La generación de cristal somos nosotros
Son las diez de la noche y en el cuarto de mi hija se filtra una luz azulada. Terminó el colegio, el entrenamiento, las tareas, la mesa que le tocaba levantar. Cualquiera diría que, en vacaciones su jornada acabó. No, acaba de empezar su segundo turno.
A ese turno no lo contrata nadie y no paga sueldo. Exige mantener un estándar de belleza que cambia cada semana. Exige parecer independiente sin haberlo sido nunca. Exige sobrevivir a la indirecta pública, al silencio calculado de alguien que dejó de mirar sus historias, al chico que aparece y desaparece como un truco de magia, al grupo que ignora con puntería de francotirador. Y exige hacerlo todo con cara de que no cuesta nada, porque ahí adentro mostrar esfuerzo es perder puntos. Es trabajo emocional a destajo. Lo hacen millones de adolescentes y jóvenes cada noche, justo cuando los adultos creemos que por fin descansan.

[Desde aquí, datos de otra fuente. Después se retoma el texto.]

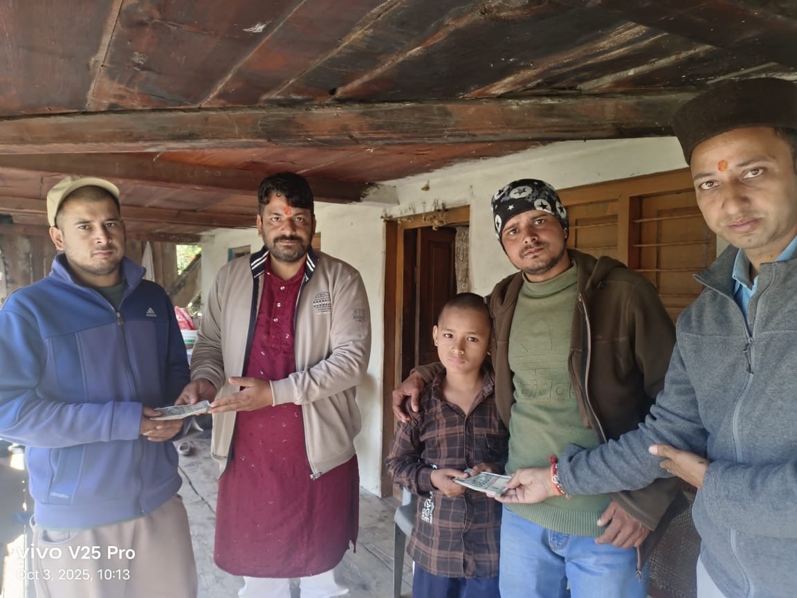 धराली: यमुनाघाटी के लोगों के जनसहयोग से एकत्रित आर्थिक सहायता राशि को धराली गांव के आपदा प्रभावित परिवारों तक पहुंचाया गया। इस नेक कार्य के लिए स्थानीय निवासियों ने मिलकर 1,77,671 रुपये की धनराशि चंदे के रूप में एकत्र की थी, जिसे आपदा में जान गंवाने वाले 8 परिवारों के बीच बांटा गया।

Frente a eso, los adultos encontramos una etiqueta cómoda: “generación de cristal”. La expresión, atribuida a la filósofa española Montserrat Nebrera, describe a adolescentes y jóvenes supuestamente frágiles, sobreprotegidos, incapaces de tolerar la frustración. La frase prendió porque resuelve un problema complejo con dos palabras y nos deja a los adultos del lado “correcto” del espejo. Es cómodo como echarle ají al guiso de fideo para tapar que la carne está dura: ayuda a tragar, pero el problema........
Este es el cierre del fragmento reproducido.